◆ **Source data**
====

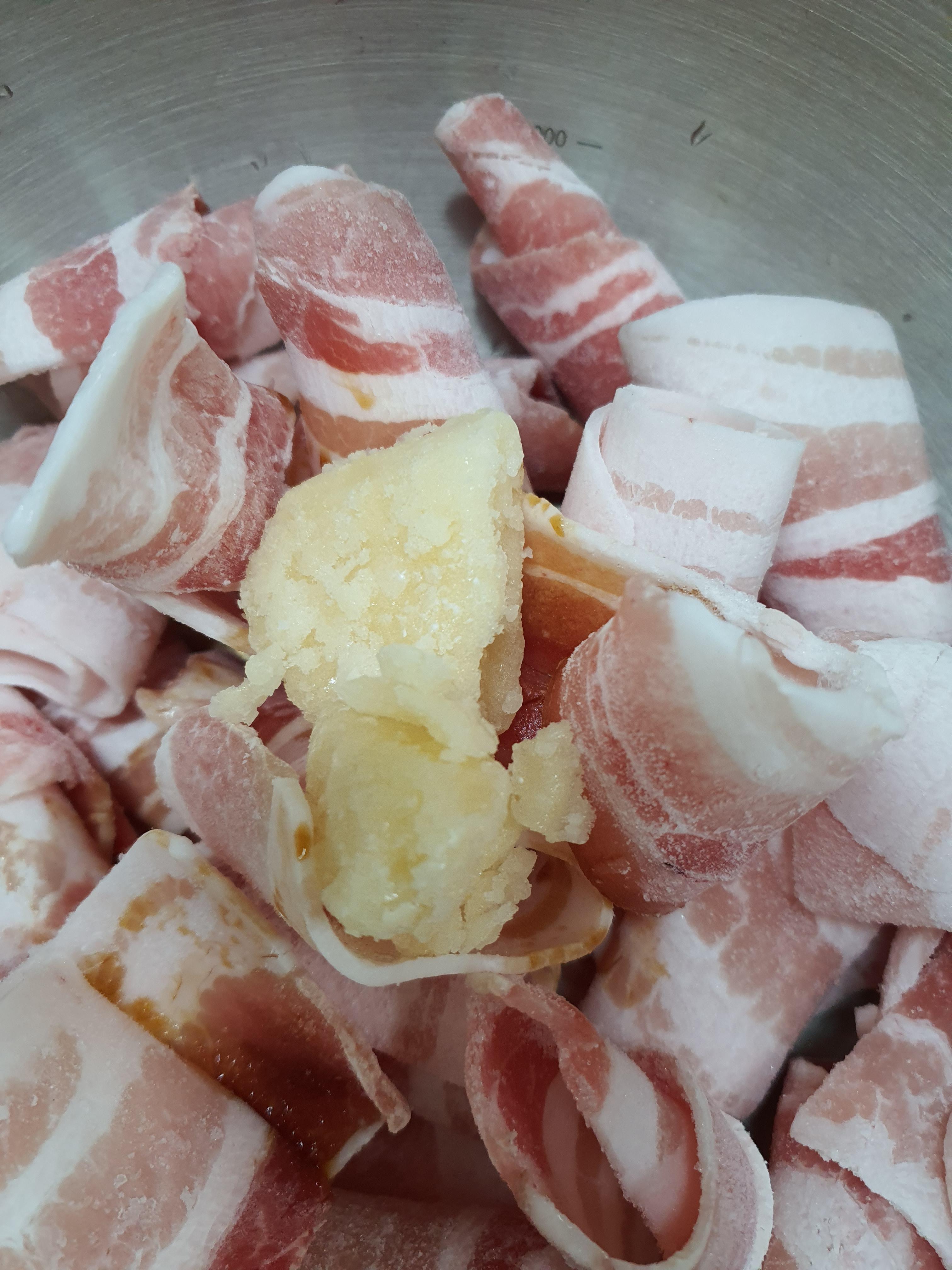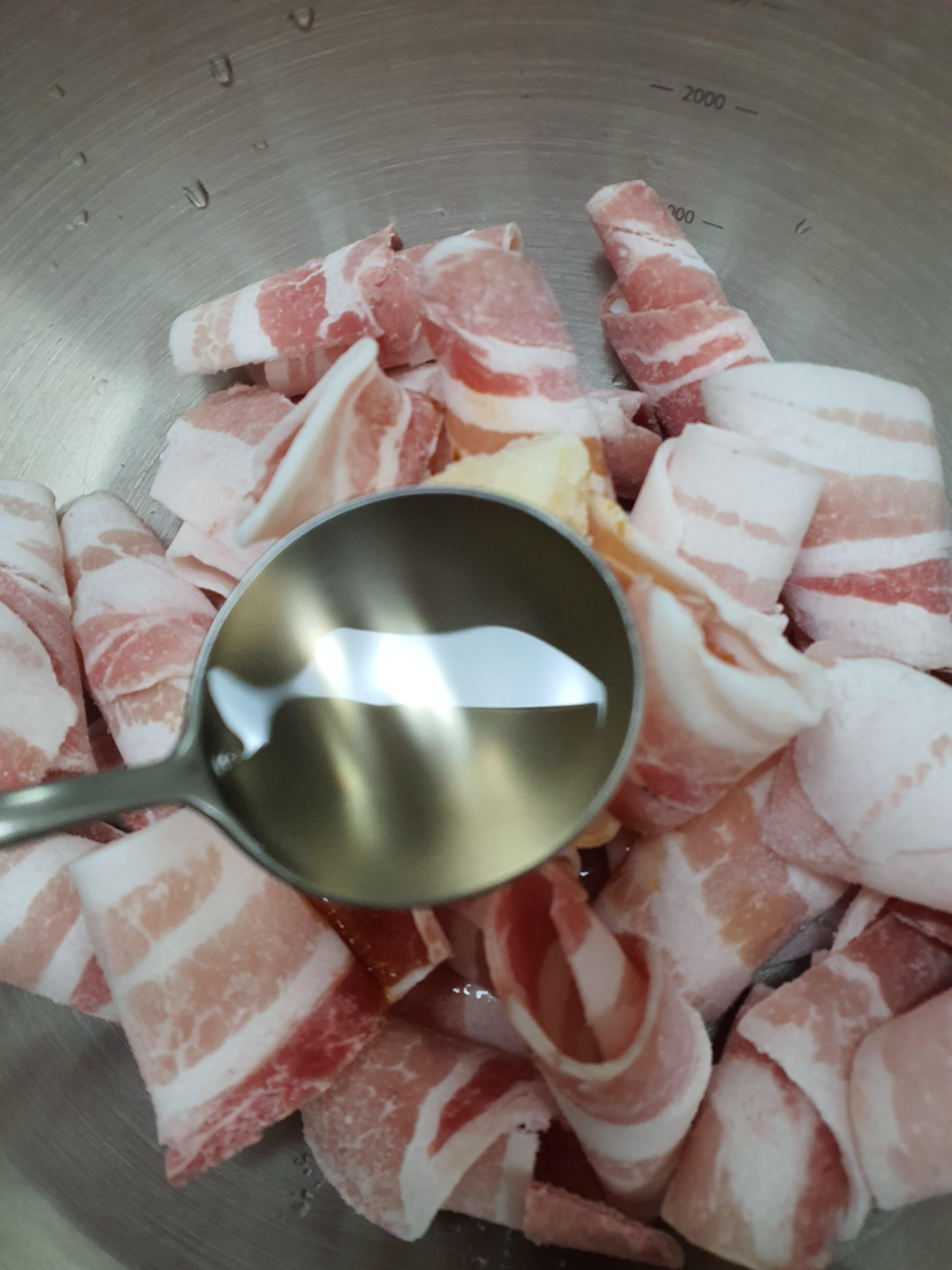 또, 굴소스 2숟가락, 소금 반 숟가락, 설탕 1숟가락, 후추 약간을 넣고 밑간을 해두었습니다.
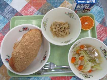 ◆今日の献立◆ ・きなこ揚げパン ・ポトフ ・だいこんとツナのサラダ ・みかん ・牛乳
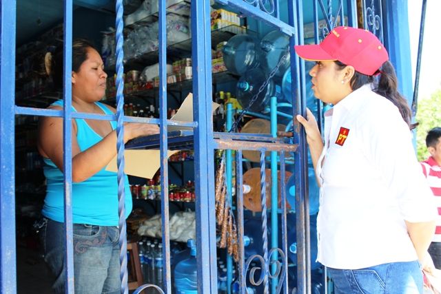 PLAYA DEL CARMEN, QUINTANA ROO.- La candidata del Partido del Trabajo (PT) por la presidencia de Solidaridad, Claudia Ivette Muñoz Villalobos, continúo recorriendo las calles de la colonia Bellavista. Los habitantes del lugar, dan la bienvenida a la candidata y le dan palabras de apoyo antes las propuestas que presenta.
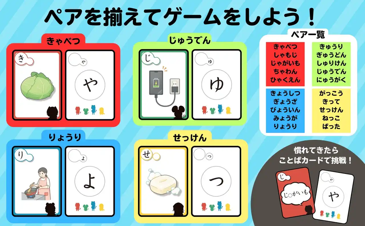 | 『拗音・促音攻略カード めくって!そろえて!ゲームでマスター』 | ||||||||||||||||
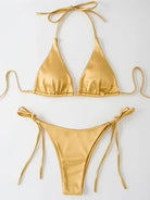 Dive into confidence with the Luminous Joy Bikini. This daring two-piece features a flattering halter neckline that accentuates your shoulders, crafted from a comfortable blend of polyester and spandex for a perfect, flexible fit. Whether you're making waves or soaking up the sun, this bikini ensures you stand out with bold style and effortless shape.
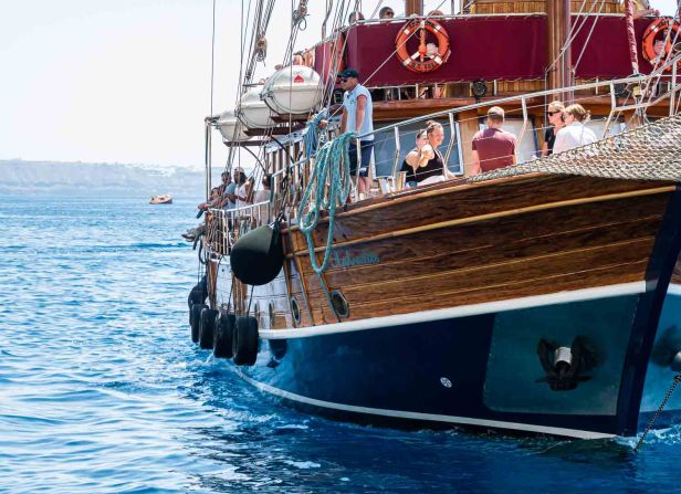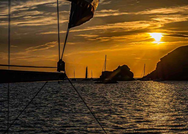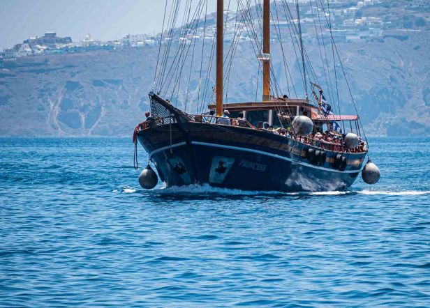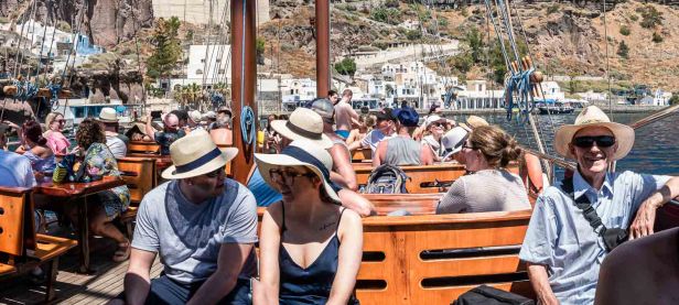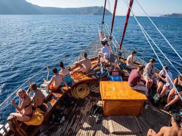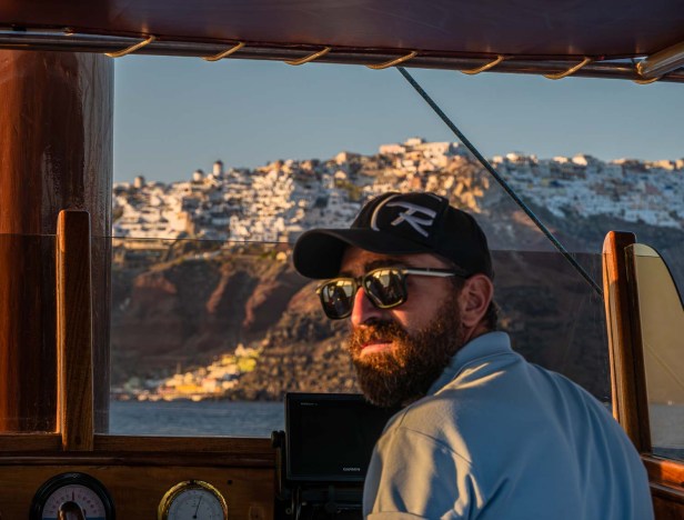and we all climb aboard; it’s a sunset cruise of Santorini’s famous caldera!
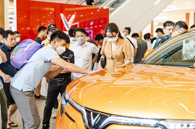 Không chỉ khách tới thử xe, sự xuất hiện của những chiếc VF 8 còn thu hút rất đông người đi đường. Không ít người thậm chí đã “đổi lộ trình” đang di chuyển của mình để có cơ hội được ngồi lên mẫu xe nổi tiếng.
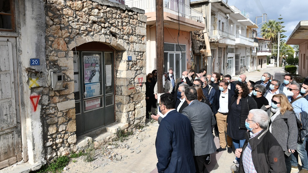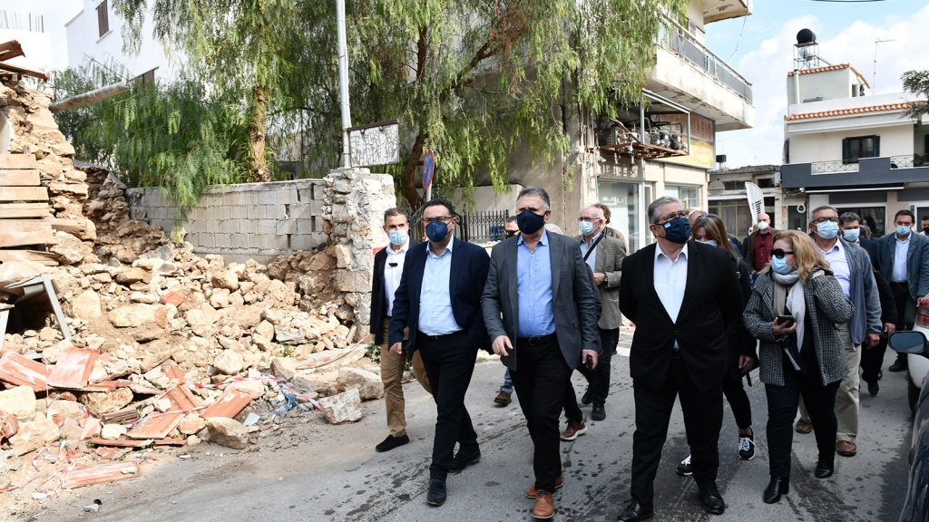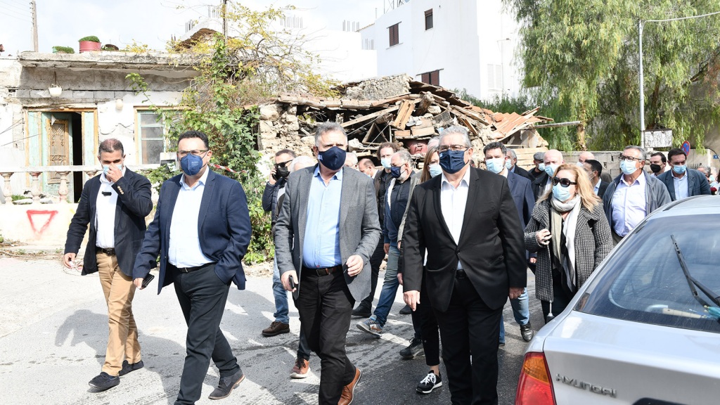 Αμέσως μετά ο ΓΓ της ΚΕ του ΚΚΕ συναντήθηκε με τον Δήμαρχο Μινώα Πεδιάδος Μανώλη Φραγάκη, ο οποίος τον συνόδευσε σε μια βόλτα στο κέντρο του χωριού το οποίο έχει πληγεί ιδιαίτερα από το σεισμό. Η εικόνα που αντικρίζει κανείς είναι αυτή μιας έρημης πόλης, καθώς υπάρχουν πολλές και σοβαρές καταστροφές στα κτίρια.
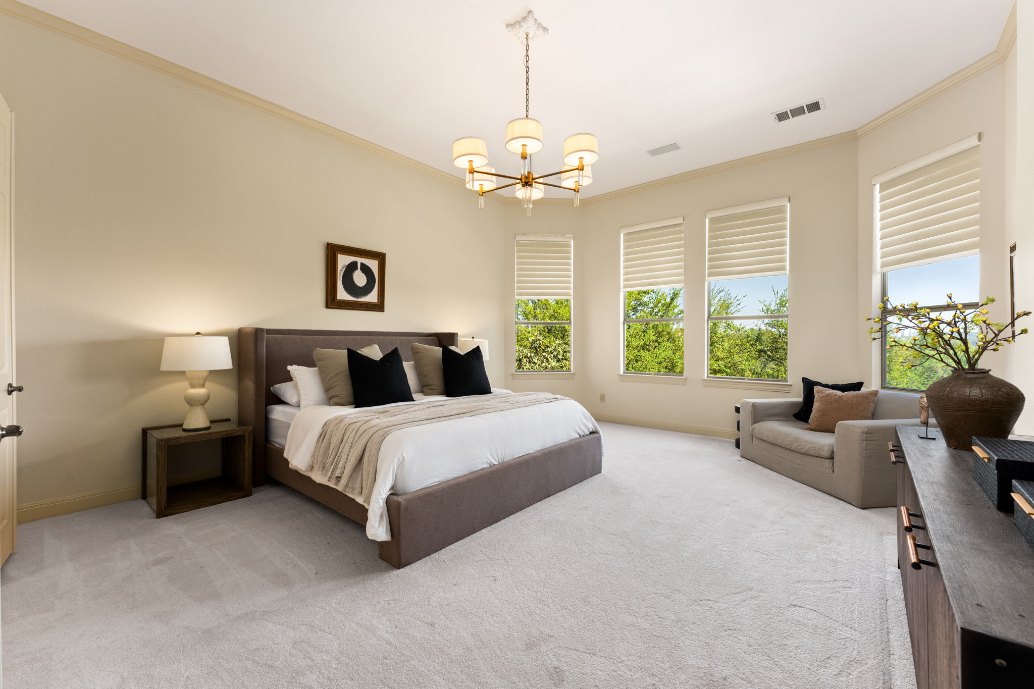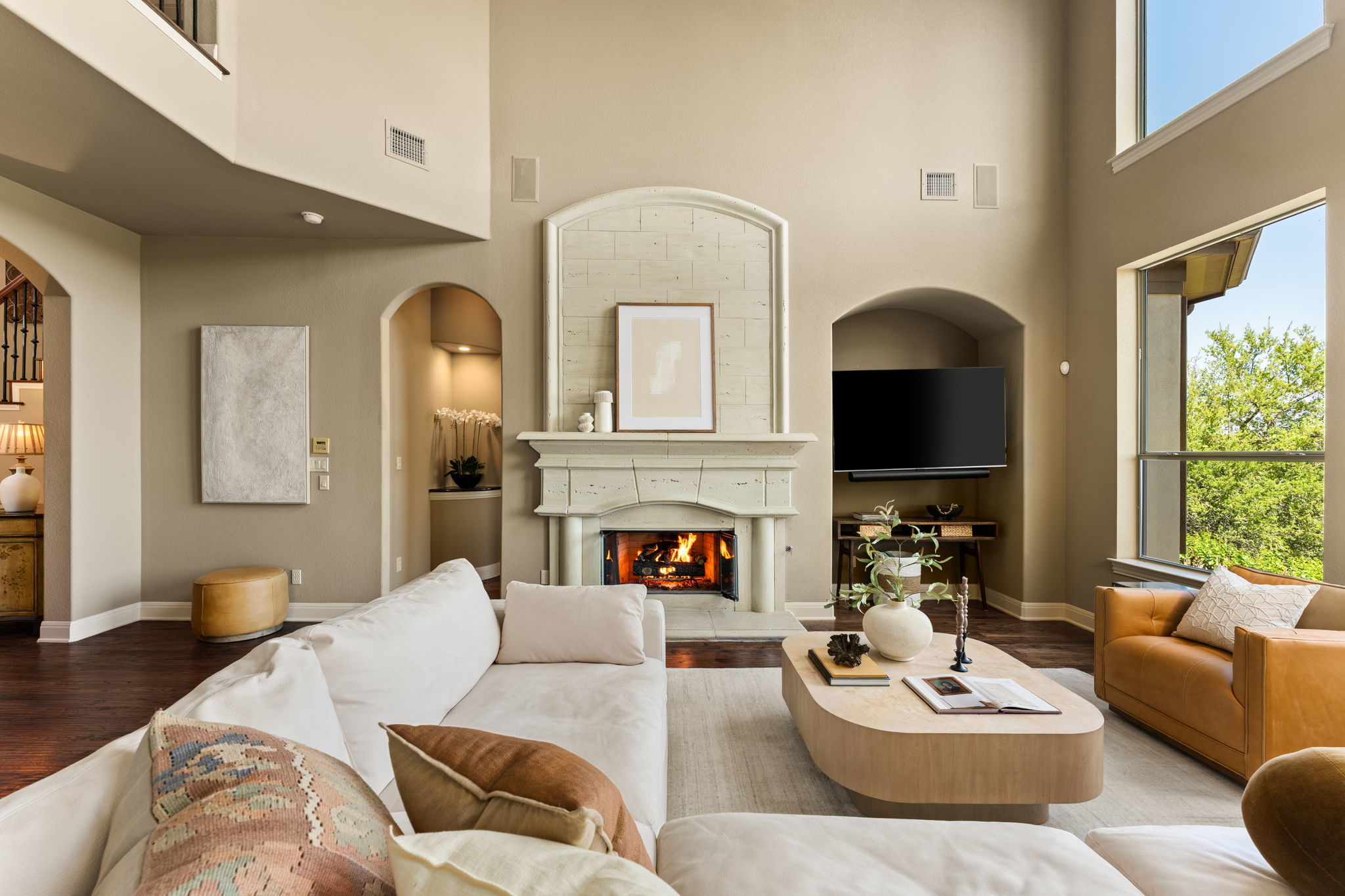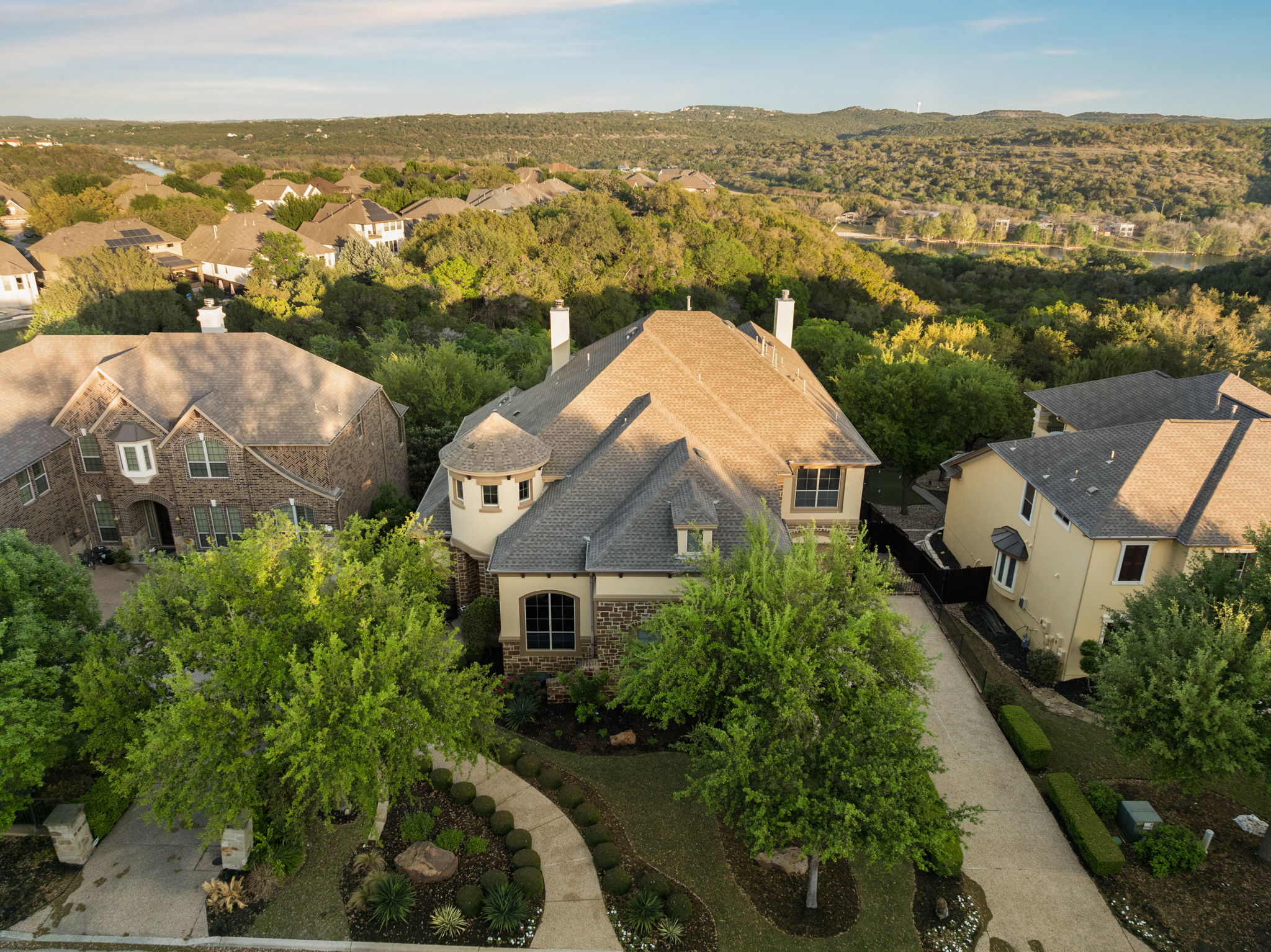 Sweeping Hill Country views set the tone for this stunning 4,555-square-foot home in the highly sought-after Bella Mar enclave of Steiner Ranch. Thoughtfully designed to balance timeless elegance with everyday comfort, the home offers a refined yet inviting atmosphere highlighted by expansive picture windows, wood flooring, custom millwork, crown molding & multiple generously sized living spaces. The main level boasts a beautiful entry featuring soaring ceilings, a curved staircase, a formal dining room, private office, 2 spacious living areas, a well-appointed kitchen with an adjoining breakfast area & a serene primary suite. Upstairs, you’ll find 3 generously sized bedrooms, 3 full bathrooms, game room, a dedicated theater room designed for ultimate entertainment & a covered balcony with breathtaking distant views. At the heart of the home is the gourmet kitchen with granite countertops, butcher block center island, ss built-in appliances, gas range & a breakfast area overlooking the backyard/pool. The primary suite also captures the stunning views, offering a peaceful retreat with a light-filled spa-like bathroom with dual vanities, a walk-in shower, soaking tub & walk-in closet. Step outside to the covered outdoor living area, where breathtaking panoramic views set the backdrop for year-round enjoyment. This inviting space is equipped with a gas fireplace, built-in grill & dining area ideal for entertaining or simply relaxing. Step down to your resort-style pool & spa, perfectly complemented by a pergola & multiple lounge areas all set against the privacy & natural beauty of the greenbelt. Experience the ultimate outdoor lifestyle in this remarkable property & community. Enjoy resort-style amenities, including pools, parks & tennis courts. Just minutes away, you’ll find the UT Golf Club, along with dining & shopping. You are moments away from Lake Austin & the public boat ramp & there are more than 20 miles of scenic trails to explore throughout the community.

====

◆ **What to work on**
Every entry above needs to be retyped exactly; drop the pictures.

◆ **Exercise result**
 또, 굴소스 2숟가락, 소금 반 숟가락, 설탕 1숟가락, 후추 약간을 넣고 밑간을 해두었습니다.
 ◆今日の献立◆ ・きなこ揚げパン ・ポトフ ・だいこんとツナのサラダ ・みかん ・牛乳
 PLAYA DEL CARMEN, QUINTANA ROO.- La candidata del Partido del Trabajo (PT) por la presidencia de Solidaridad, Claudia Ivette Muñoz Villalobos, continúo recorriendo las calles de la colonia Bellavista. Los habitantes del lugar, dan la bienvenida a la candidata y le dan palabras de apoyo antes las propuestas que presenta.
 | 『拗音・促音攻略カード めくって!そろえて!ゲームでマスター』 | ||||||||||||||||
 Dive into confidence with the Luminous Joy Bikini. This daring two-piece features a flattering halter neckline that accentuates your shoulders, crafted from a comfortable blend of polyester and spandex for a perfect, flexible fit. Whether you're making waves or soaking up the sun, this bikini ensures you stand out with bold style and effortless shape.
and we all climb aboard; it’s a sunset cruise of Santorini’s famous caldera!
 Không chỉ khách tới thử xe, sự xuất hiện của những chiếc VF 8 còn thu hút rất đông người đi đường. Không ít người thậm chí đã “đổi lộ trình” đang di chuyển của mình để có cơ hội được ngồi lên mẫu xe nổi tiếng.
 Αμέσως μετά ο ΓΓ της ΚΕ του ΚΚΕ συναντήθηκε με τον Δήμαρχο Μινώα Πεδιάδος Μανώλη Φραγάκη, ο οποίος τον συνόδευσε σε μια βόλτα στο κέντρο του χωριού το οποίο έχει πληγεί ιδιαίτερα από το σεισμό. Η εικόνα που αντικρίζει κανείς είναι αυτή μιας έρημης πόλης, καθώς υπάρχουν πολλές και σοβαρές καταστροφές στα κτίρια.
 Sweeping Hill Country views set the tone for this stunning 4,555-square-foot home in the highly sought-after Bella Mar enclave of Steiner Ranch. Thoughtfully designed to balance timeless elegance with everyday comfort, the home offers a refined yet inviting atmosphere highlighted by expansive picture windows, wood flooring, custom millwork, crown molding & multiple generously sized living spaces. The main level boasts a beautiful entry featuring soaring ceilings, a curved staircase, a formal dining room, private office, 2 spacious living areas, a well-appointed kitchen with an adjoining breakfast area & a serene primary suite. Upstairs, you’ll find 3 generously sized bedrooms, 3 full bathrooms, game room, a dedicated theater room designed for ultimate entertainment & a covered balcony with breathtaking distant views. At the heart of the home is the gourmet kitchen with granite countertops, butcher block center island, ss built-in appliances, gas range & a breakfast area overlooking the backyard/pool. The primary suite also captures the stunning views, offering a peaceful retreat with a light-filled spa-like bathroom with dual vanities, a walk-in shower, soaking tub & walk-in closet. Step outside to the covered outdoor living area, where breathtaking panoramic views set the backdrop for year-round enjoyment. This inviting space is equipped with a gas fireplace, built-in grill & dining area ideal for entertaining or simply relaxing. Step down to your resort-style pool & spa, perfectly complemented by a pergola & multiple lounge areas all set against the privacy & natural beauty of the greenbelt. Experience the ultimate outdoor lifestyle in this remarkable property & community. Enjoy resort-style amenities, including pools, parks & tennis courts. Just minutes away, you’ll find the UT Golf Club, along with dining & shopping. You are moments away from Lake Austin & the public boat ramp & there are more than 20 miles of scenic trails to explore throughout the community.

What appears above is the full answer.